2.1 RA Security Game (RA-game):

**Assumptions:**

- $SW$-Att is immutable, and $\chi$ is not known to $A$.
- $1$ is the security parameter and $|\chi| = |\mathcal{C}_h| = |MR| = 1$.
- $AR(t)$ denotes the content in $AR$ at time $t$.
- $A$ can modify $AR$ and $MR$ at will; however, it loses its ability to modify them while $SW$-Att is running.

**RA-game:**

1. **Setup:** $A$ is given oracle access to $SW$-Att.
2. **Challenge:** A random challenge $\mathcal{C}_h \in \{0,1\}^l$ is generated and given to $A$. $A$ continues to have oracle access to $SW$-Att.
3. **Response:** Eventually, $A$ responds with a pair $(M, \sigma)$, where $\sigma$ is either forgery by $A$, or the result of calling $SW$-Att at some arbitrary time $t$. $A$ wins if and only if $\sigma = HMAC(KDF(\chi, \mathcal{C}_h, M)) \land M \neq AR(t)$.

2.2 RA Security Definition:

An RA protocol is considered secure if there is no ppt $A$, polynomial in $l$, capable of winning the game defined in 2.1 with $Pr[A, RA$-game $] > \negl(l)$.

### Figure 6: RA security definition for VRASED

In the following sections, we define $SW$-Att functional correctness, LTL specifications 2-10 and formally verify that VRASED’s design guarantees such LTL specifications. We define LTL specifications from the intuitive properties discussed in Section 3.2 and depicted in Figure 2. In Appendix A we prove that the conjunction of such properties achieves soundness (Definition 1) and security (Definition 2). For the security proof, we first show that VRASED guarantees that $A$ can never learn $\chi$ with more than negligible probability, thus satisfying the assumption in the security game. We then complete the proof of security via reduction, i.e., show that existence of an adversary that wins the game in Definition 2 implies the existence of an adversary that breaks the conjectured existential unforgeability of HMAC.

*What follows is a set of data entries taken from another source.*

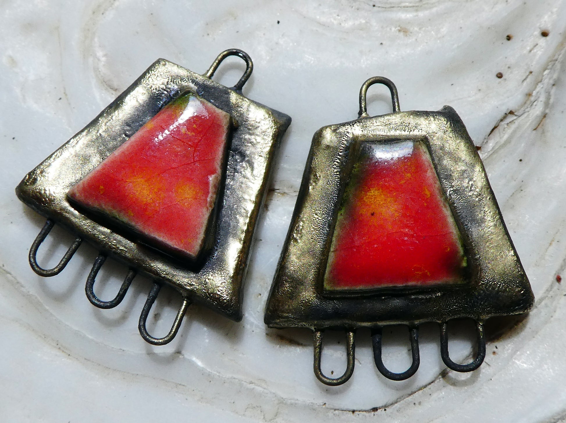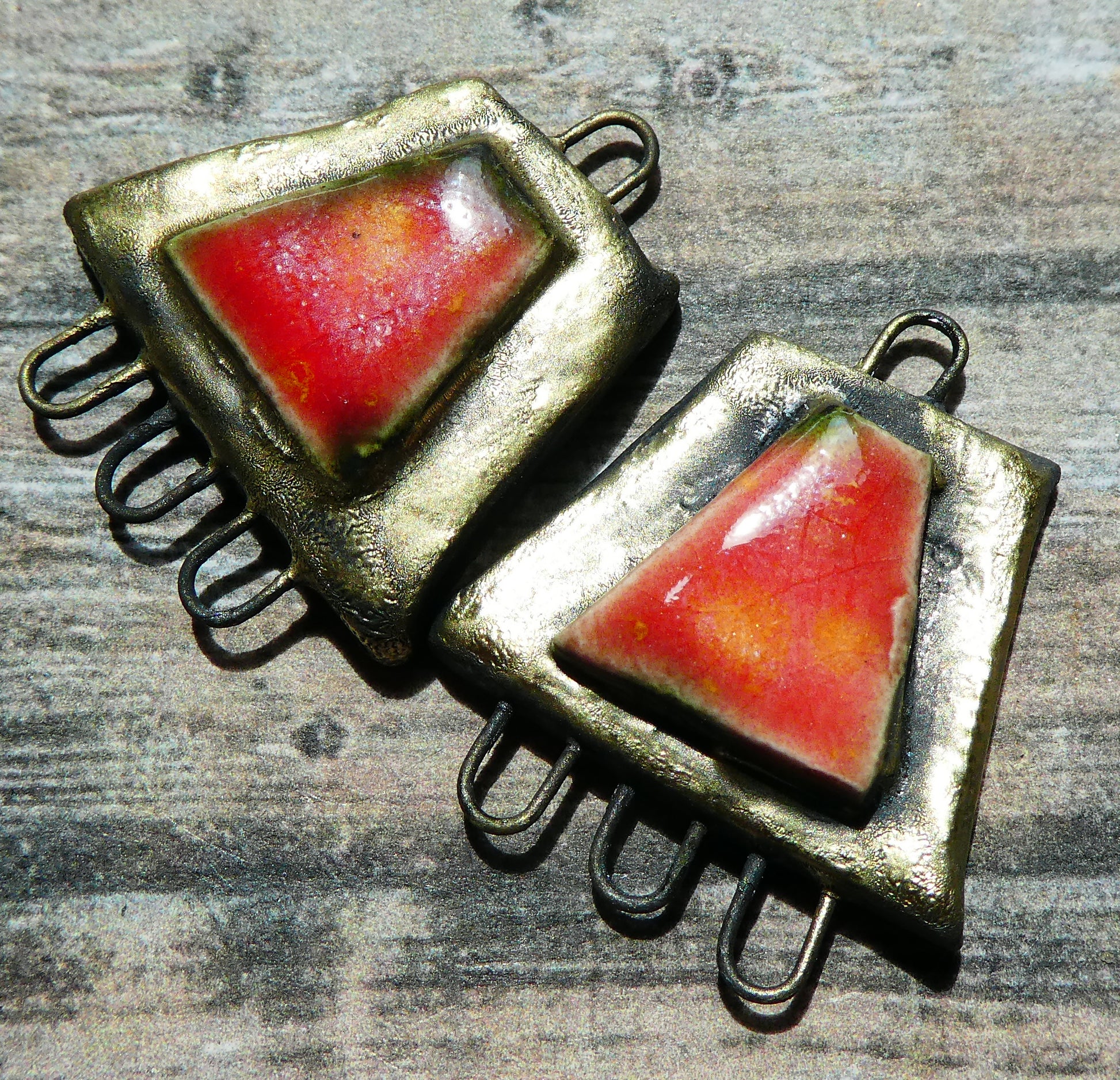 Hand formed in Earthstone and high fired. Then fired again with bronze clay and Fruit Punch glaze.
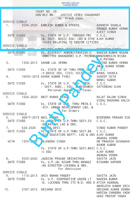 मैं बंटी पाण्डेय आप सभी लोगो को अवगत कराना चाहता हूँ 10 विवादित प्रश्नों को लेकर केस नंबर 3594/2020 कोर्ट नंबर 20 मेंं 1 नंबर पर Additional cause list में जस्टिस विवेक चौधरी जी की बेंच पर आज सुनवाई होगी। आपको अवगत करा दूँ कि अधिवक्ता अवधेश शुक्ला जी और प्रमोद पटेल जी ने 9 प्रश्न अति विवादित सिद्ध करा दिए हैं।जिसका हमारे पास साक्ष्य है।
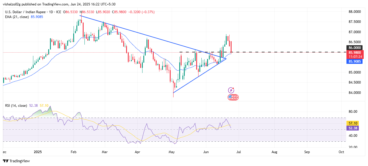 If buyers defend the EMA support, the pair could maintain a mild upward bias. However, a sustained drop below the 85.90–85.70 area might encourage further profit-taking, dragging USD/INR back inside the prior consolidation range.
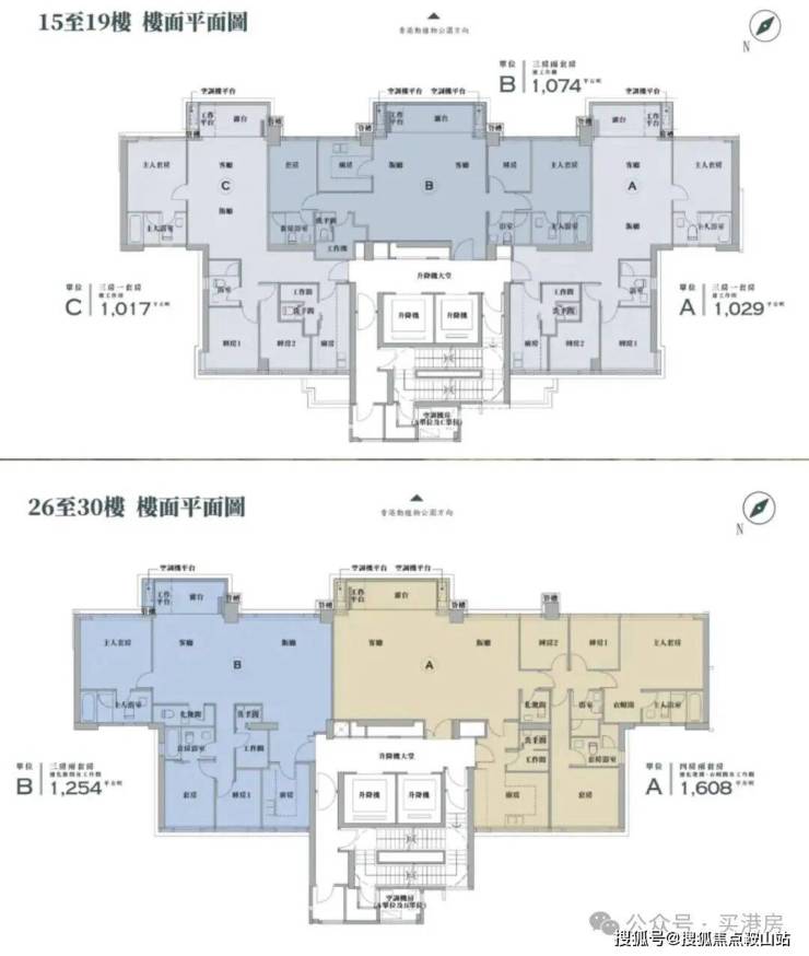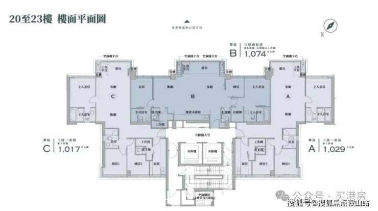 15楼-23楼: A :1029呎,B :1074呎,C :1017呎3房2套共27伙,可以打通相邻
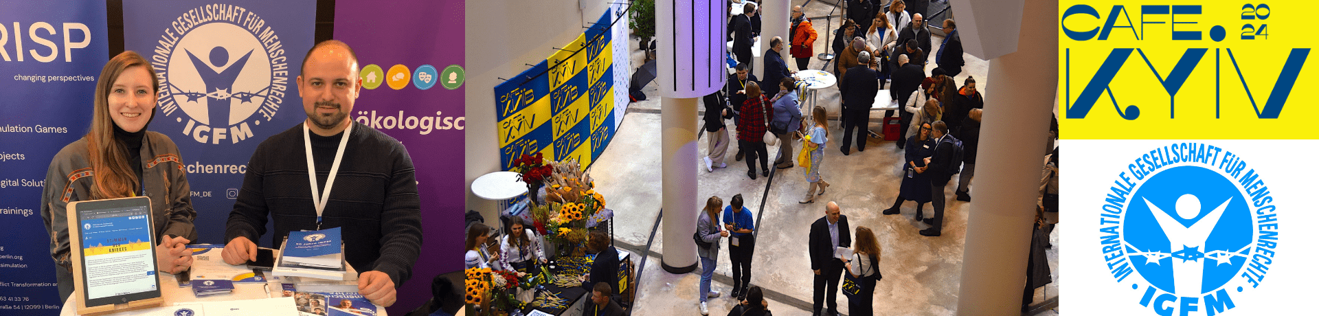 Im Cafe Kyiv war auch die Internationale Gesellschaft für Menschenrechte (IGFM) vertreten. Gemeinsam mit anderen ukrainischen und internationalen Organisationen informierten wir die Gäste über unsere Aktivitäten in der Ukraine, knüpften Kontakte zu Kollegen und tauschten Erfahrungen aus.

**Remark:** The rest of this section focuses on conveying the intuition behind the specification of LTL sub-properties. Therefore, our references to the MCU machine model are via Axioms A1 - A7 which were described in high level. The interested reader can find an LTL machine model formalizing these notions in Appendix A, where we describe how such machine model is used construct computer proofs for Definitions 1 and 2.

### 4.3 VRASED SW-Att

To minimize required hardware features, hybrid RA approaches implement integrity ensuring functions (e.g., HMAC) in software. VRASED’s SW-Att implementation is built on top of HACL*’s HMAC implementation [52]. HACL* code is verified to be functionally correct, memory safe and secret independent. In addition, all memory is allocated on the stack making it predictable and deterministic.

$SW$-Att is simple, as depicted in Figure 7. It first derives a new unique context-specific key ($key$) from the master key ($\chi$) by computing an HMAC-based key derivation function, HKDF [32], on $\mathcal{C}_h$. This key derivation can be extended to incorporate attested memory boundaries if $P_{rv}$ specifies the range (see Appendix B). Finally, it calls HACL*’s HMAC, using $key$ as the HMAC key. $ATTTEST\_DATA\_ADDR$ and $ATTTEST\_SIZE$ specify the memory range to be attested ($AR$ in our notation). We emphasize that $SW$-Att resides in ROM, which guarantees $P_5$ under the assumption of no hardware attacks. Moreover, as discussed below, $HW$-Mod enforces that no other software running on $P_{rv}$ can access memory allocated by $SW$-Att code, e.g., $key[64]$ buffer allocated in line 2 of Figure 7.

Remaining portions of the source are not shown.